___ Source data
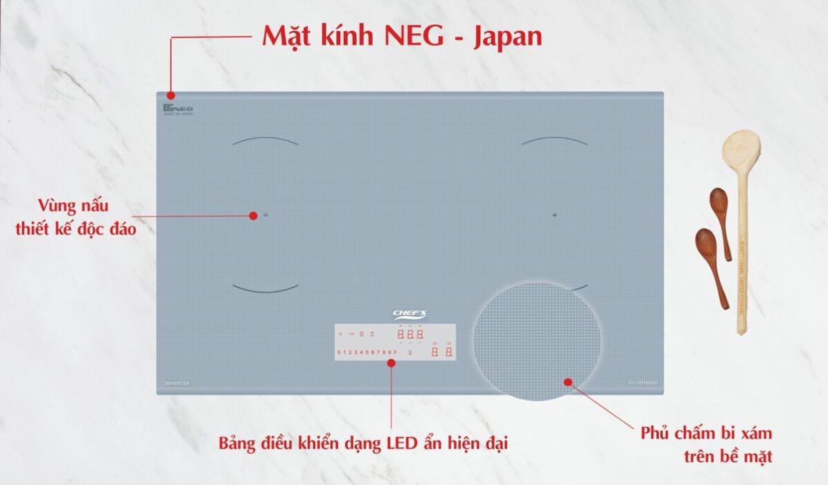 Bếp từ Chef’s EH-DIH666G có giao diện được thiết kế đơn giản và hiện đại. Mặt kính NEG có khả năng chịu lực chịu nhiệt cao. Bề mặt kính được thiết kế có các chấm bi xám nhỏ nổi bật .Hai vùng nấu được thể hiện đơn giản mà độc đáo.
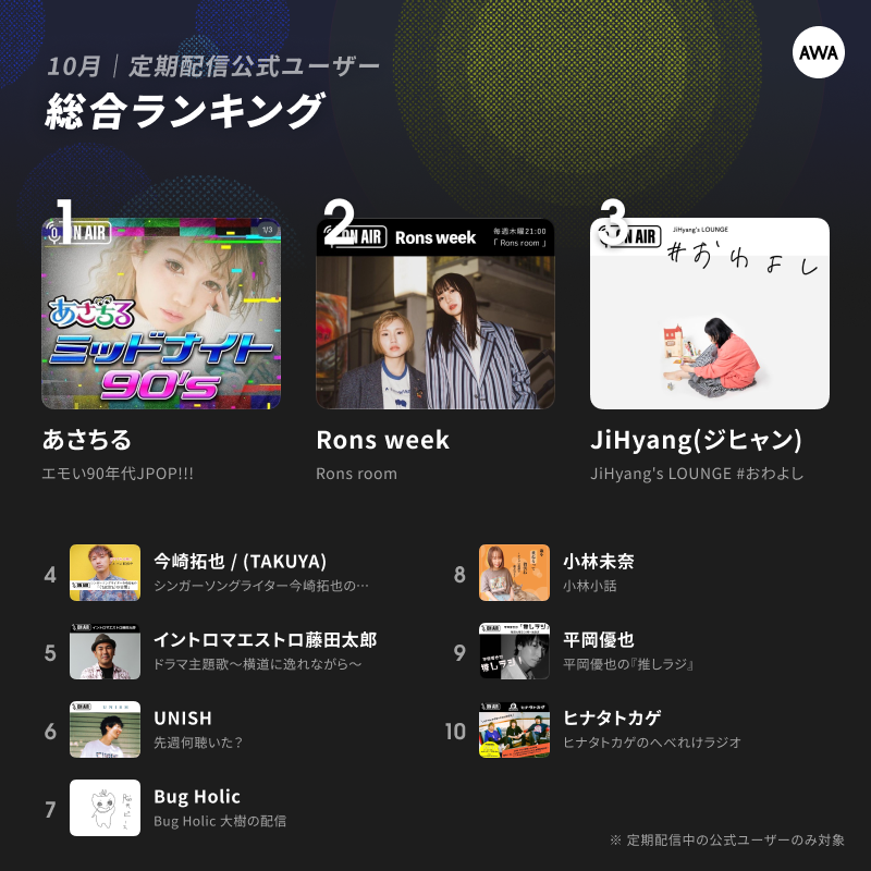AWA株式会社(本社:東京都港区、代表取締役CEO:冨樫晃己)が運営する、サブスクリプション型(定額制)音楽ストリーミングサービス「AWA(アワ)」は、2022年10月1日(土)から10月31日(月)までに開催された、音声ライブ配信を利用した「ラジオ配信ラウンジ」※の視聴数、開催頻度、リアクション数などを総合して、2022年10月の人気ラジオ配信ラウンジランキングTOP10を発表いたしました。
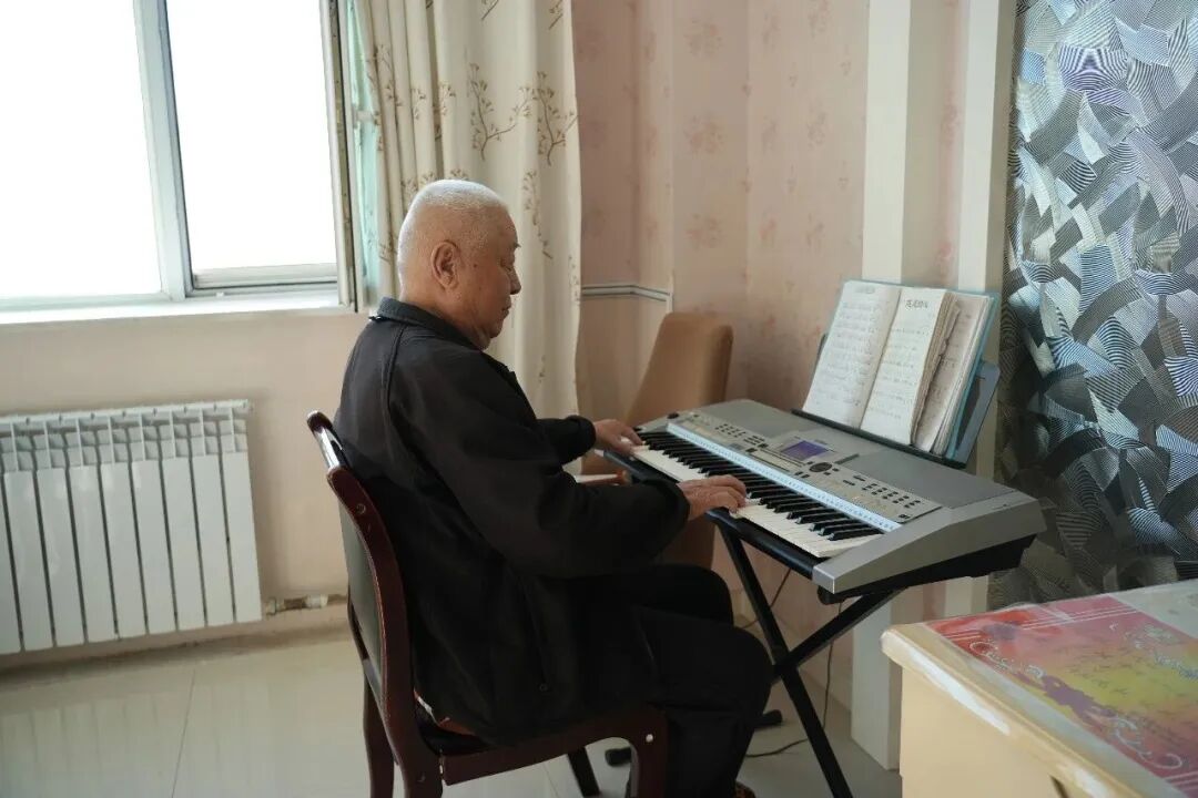 老人在老年公寓居住屋弹琴。
______
** Exercise directions **
Copy exactly, and only, the lines from the line containing "AWA株式会社(本社:東京都" through the final line of the material above, with no pictures.

** Your response **
AWA株式会社(本社:東京都港区、代表取締役CEO:冨樫晃己)が運営する、サブスクリプション型(定額制)音楽ストリーミングサービス「AWA(アワ)」は、2022年10月1日(土)から10月31日(月)までに開催された、音声ライブ配信を利用した「ラジオ配信ラウンジ」※の視聴数、開催頻度、リアクション数などを総合して、2022年10月の人気ラジオ配信ラウンジランキングTOP10を発表いたしました。
 老人在老年公寓居住屋弹琴。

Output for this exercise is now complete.